The captain, conscious of his superiority, looked round at his cronies, but said nothing, for he was eating.
After drinking two glasses the company brightened up; for the measures were full ones. "Tarass and a half" humbly expressed a wish for a story, but the deacon was eagerly engaged discussing with "The Top" the superiority of thin women over fat ones, and took no notice of his friend's words, defending his point of view with the eagerness and fervour of a man deeply convinced of the truth of his opinion. The naïve face of "The Meteor," who was lying beside him on his stomach, expressed admiration and delight at the suggestive words of the disputants. Martianoff, hugging his knees with his huge, hairy hands, glanced gloomily and silently at the vodka bottle, while he constantly made attempts to catch his moustache with his tongue and gnaw it with his teeth. "Scraps" was teasing Tiapa.
"I know now where you hide your money, you old ogre!"
"All the better for you!" hissed Tiapa in a hoarse voice.
"I'll manage to get hold of it some day!"
"Do it if you can!"
Kouvalda felt bored amongst this set of people; there was not one worthy to hear his eloquence, or capable of understanding it.
"Where the devil can the schoolmaster be?" he said, expressing his thought aloud.
Martianoff looked at him and said—
"He will return."
"I am certain he will come back on foot, and not in a carriage! Let us drink to your future, you born convict. If you murder a man who has got some money, go shares with me. Then, old chap, I shall start for America, make tracks for those lampas—pampas—what do you call them?
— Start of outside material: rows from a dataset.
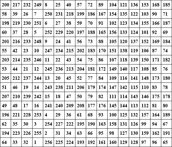 The square has the following properties: – Every straight row of sixteen numbers, whether vertical, horizontal, or diagonal, makes 2056.
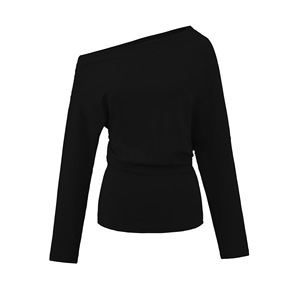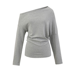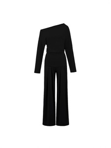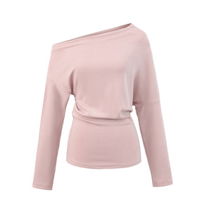 露肩斜领一字肩收腰长袖T恤搭松紧要宽松阔腿修身直筒裤套装女秋
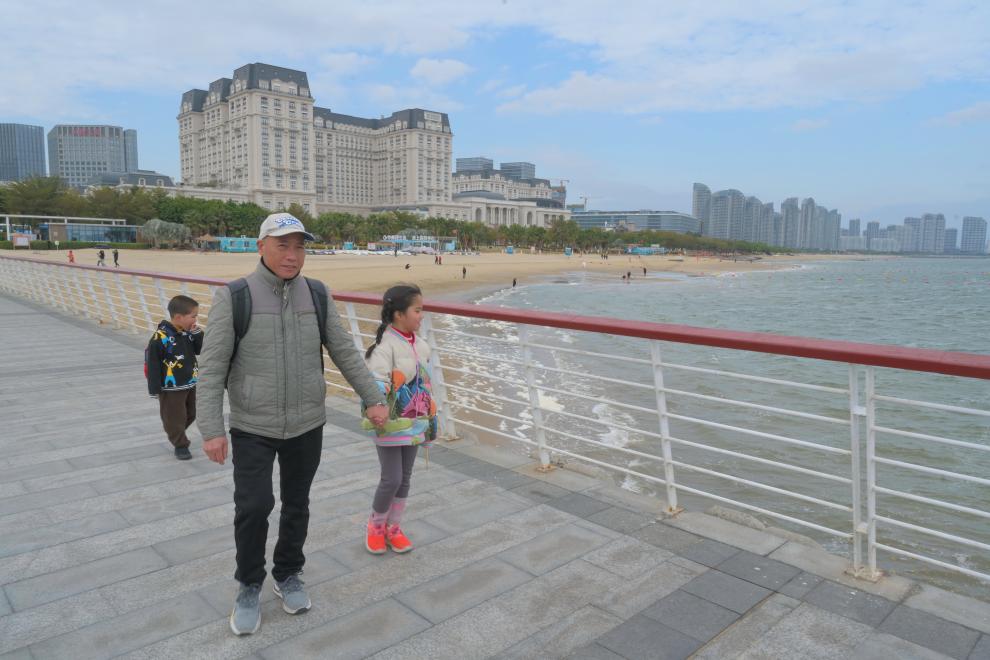 “感覺很棒!一邊是海景,一邊是園景?!眮碜陨綎|的跑友張先生說,作為馬拉松愛好者,自己早前通過社交平臺發(fā)現了這條濱海浪漫線跑道,“種草”許久,請了年假來專程體驗。
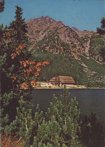 TATRY WYSOKIE. Popradzki Staw w środkowej części Doliny Mięguszowieckiej ze schroniskiem kpt. Morávku na jego południowym brzegu. Tytuł również w języku: niem., ang., fr.
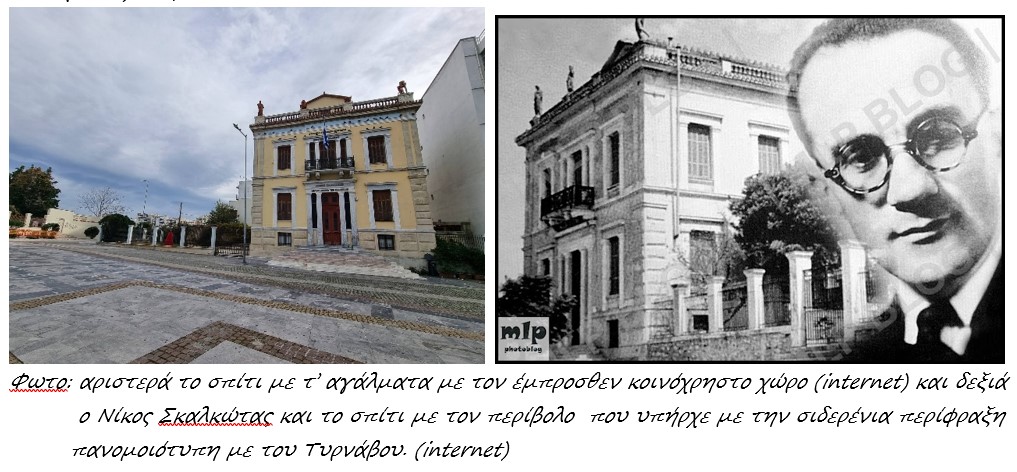 Η ιστορία του νεοκλασικού σπιτιού με τα αγάλματα συνδέεται με τον Νίκο Σκαλκώτα, το πιο διάσημο παιδί της Χαλκίδας. Ο διάσημος συνθέτης της σύγχρονης κλασικής μουσικής γεννήθηκε σε ένα από τα δωμάτια του ορόφου στις 8 Μαρτίου 1904, που είχε νοικιάσει η οικογένειά του.
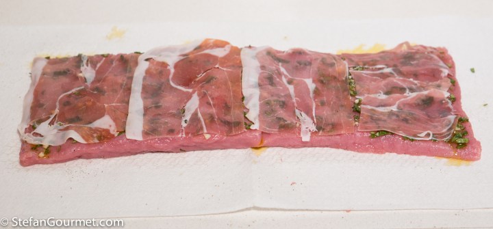 Cover with thinly sliced prosciutto.
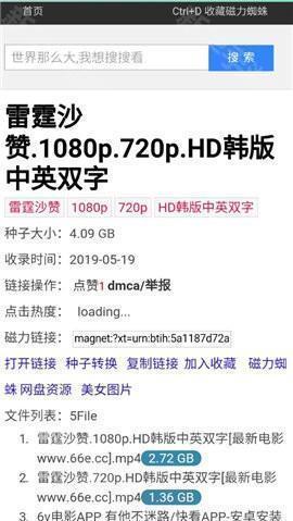 磁力蜘蛛app上的资源很多,能支持大家的线上新鲜玩法,随时准确的找到你想要观看的各种资源。
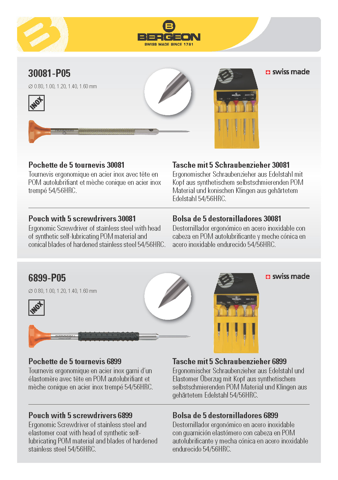 BERGEON No. 6899-P05 5 SCREWDRIVERS IN POUCH
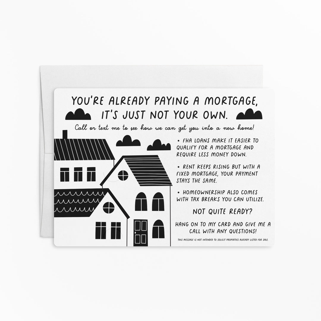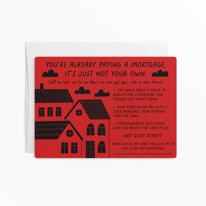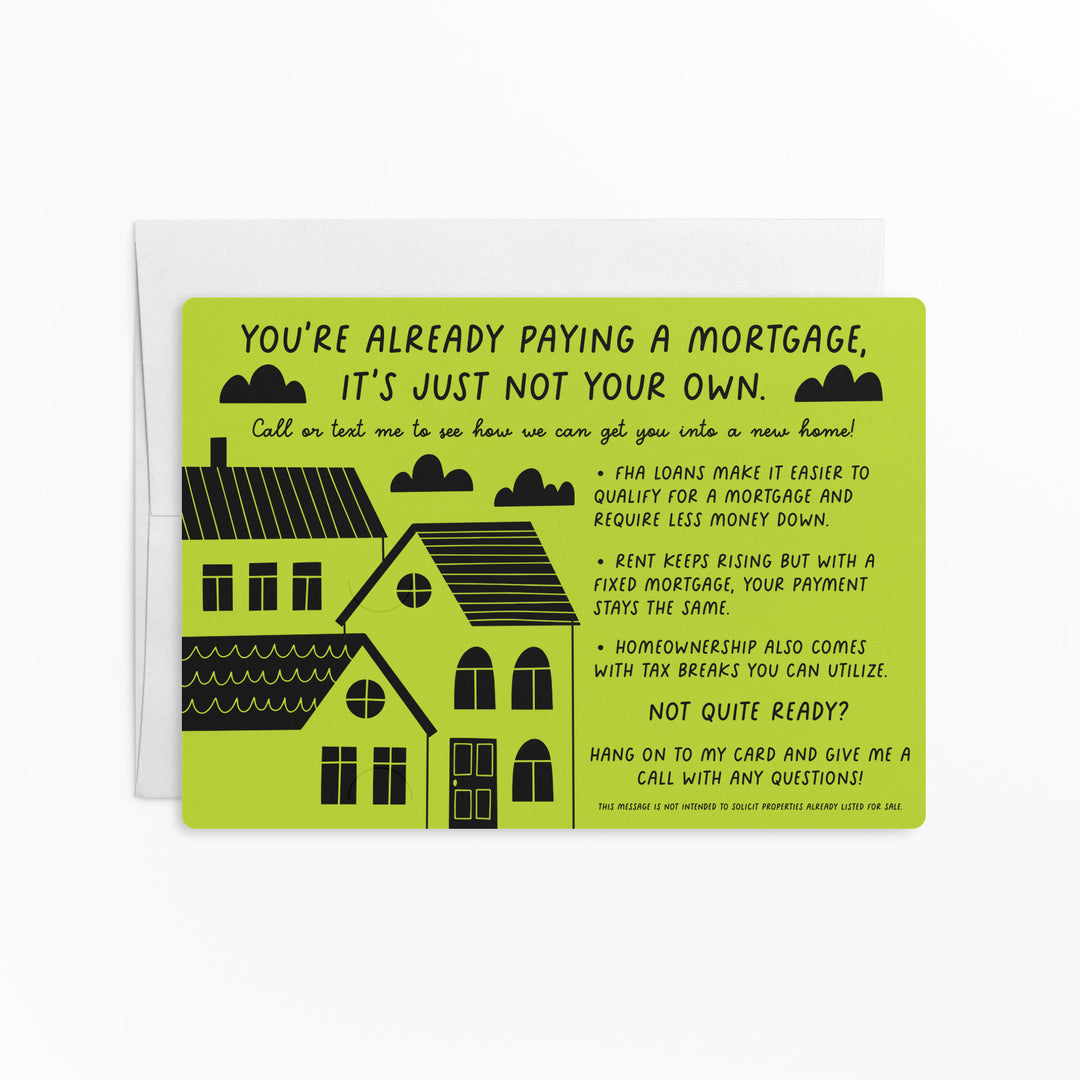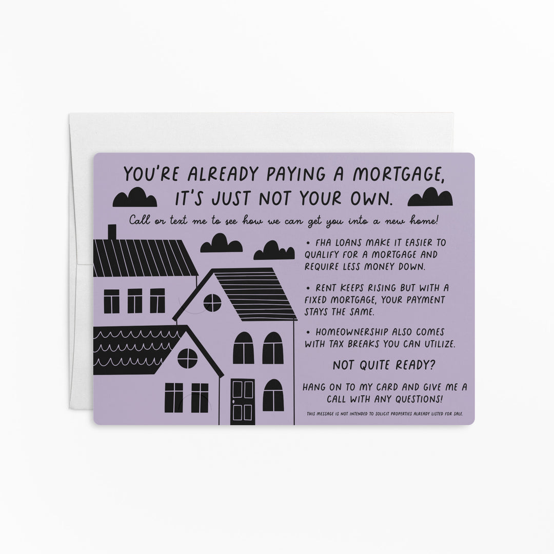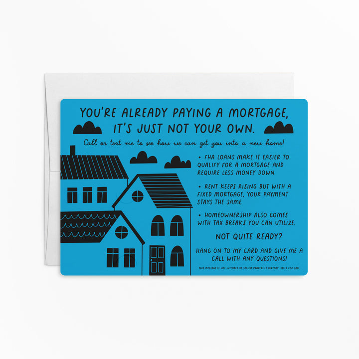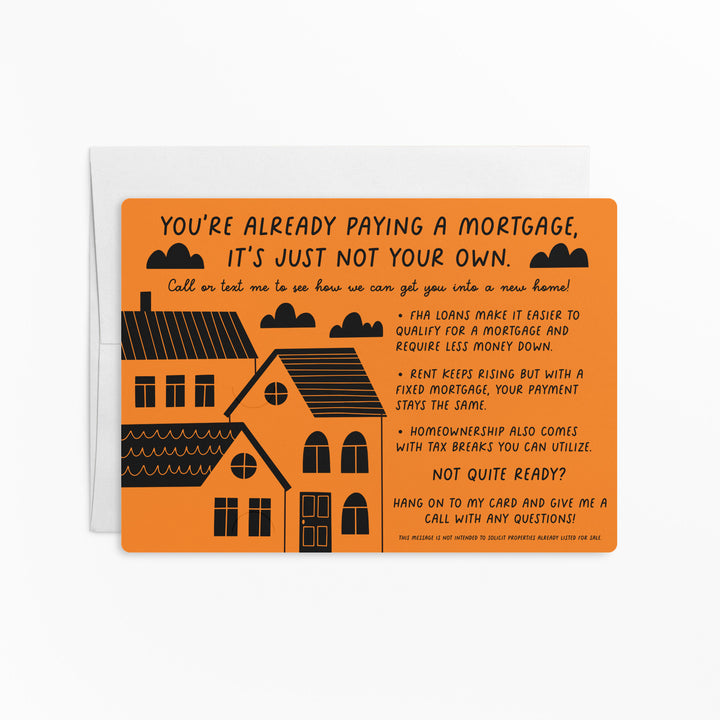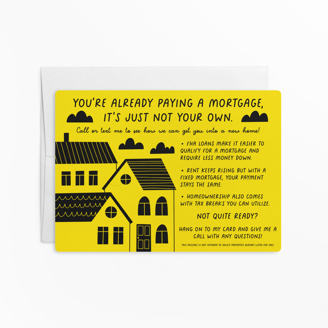 Want to get your name directly in front of potential buyers? What better way than these mailers targeting renters? Their unique look and feel will help you stand out from the rest! This is a great way to capture buyer leads! You can even slide your business card in the slots provided, so the buyer can call you when they're ready to start looking.
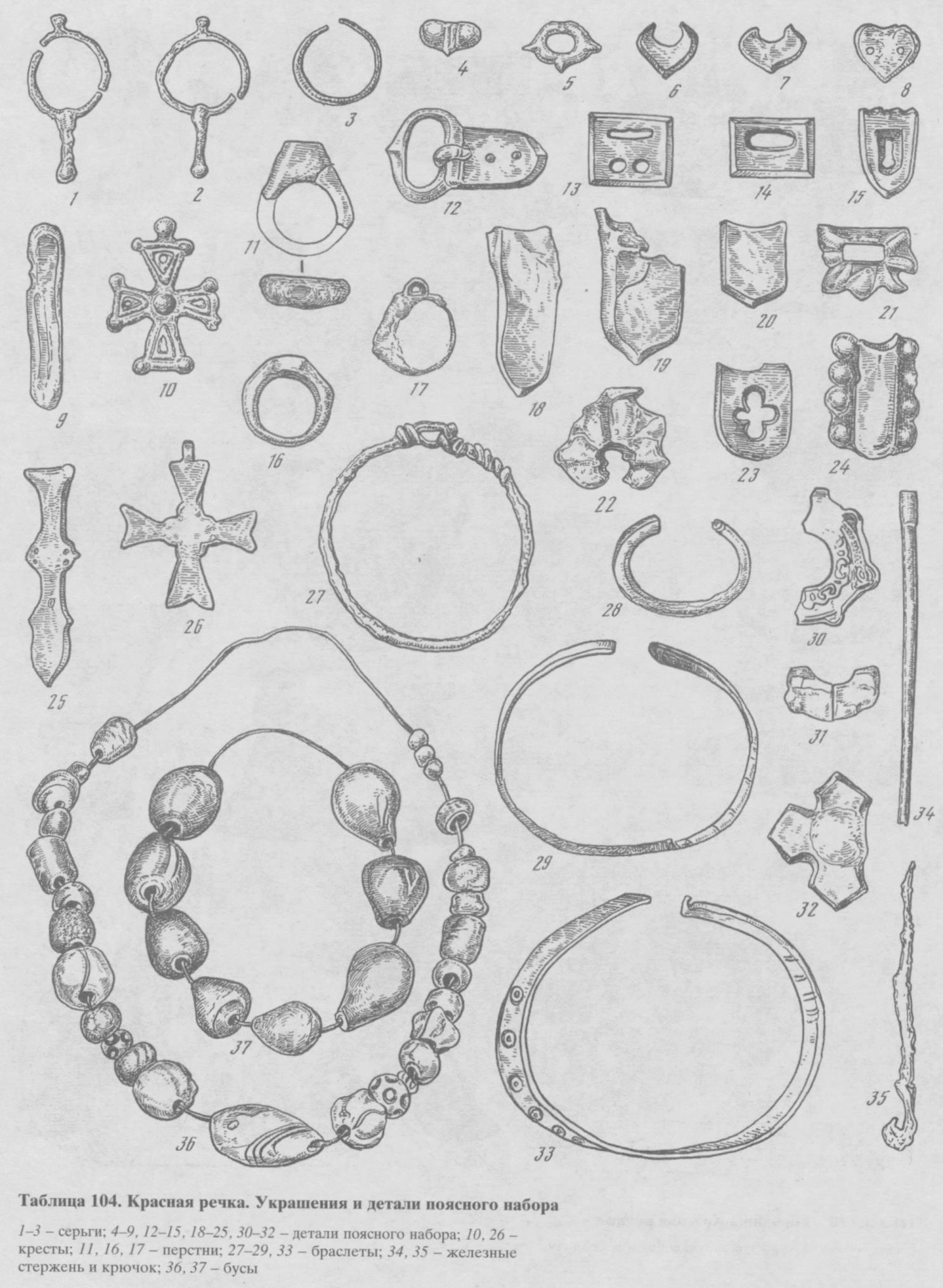 ^ Таблица 104. [с. 348]Красная речка. Украшения и детали поясного набора.1-3 — серьги; 4-9, 12-15. 18-25, 30-32 — детали поясного набора; 10, 26 — кресты; 11, 16, 17 — перстни; 27-29, 33 — браслеты; 34, 35 — железные стержень и крючок; 36, 37 — бусы.

I shall go there, and rise at length to be President of the United States. Then I shall declare war against Europe, and won't I give it them hot? As to an army, I shall buy mercenaries in Europe itself. I shall invite the French, the Germans, and the Turks, and the whole lot of them, and I shall use them to beat their own relations. Just as Ilia de Mouronetz conquered the Tartars with the Tartars. With money one can become even an Ilia, and destroy Europe, and hire Judah Petounnikoff as one's servant. He'd work if one gave him a hundred roubles a month, that he would, I'm sure. But he'd be a bad servant; he'd begin by stealing."
"And besides, a thin woman is better than a fat one, because she costs less," eagerly continued the deacon. "My first deaconess used to buy twelve yards for a dress, and the second one only ten. It's the same with food."
"Tarass and a half" smiled deprecatingly, turned his face towards the deacon, fixed his one eye on him, and shyly suggested in an embarrassed tone—"I also had a wife once."
"That may happen to anybody," observed Kouvalda. "Go on with your lies!"
"She was thin, but she ate a great deal; it was even the cause of her death."
"You poisoned her, you one-eyed beggar!" said "Scraps," with conviction.
"No! on my word I didn't; she ate too much pickled herring."
"And I tell you, you did! you poisoned her," "Scraps" repeated, with further assurance.
It was often his way, after having said some absurdity, to continue to repeat it, without bringing forward any grounds of confirmation; and beginning in a pettish, childish tone, he would gradually work himself up into a rage.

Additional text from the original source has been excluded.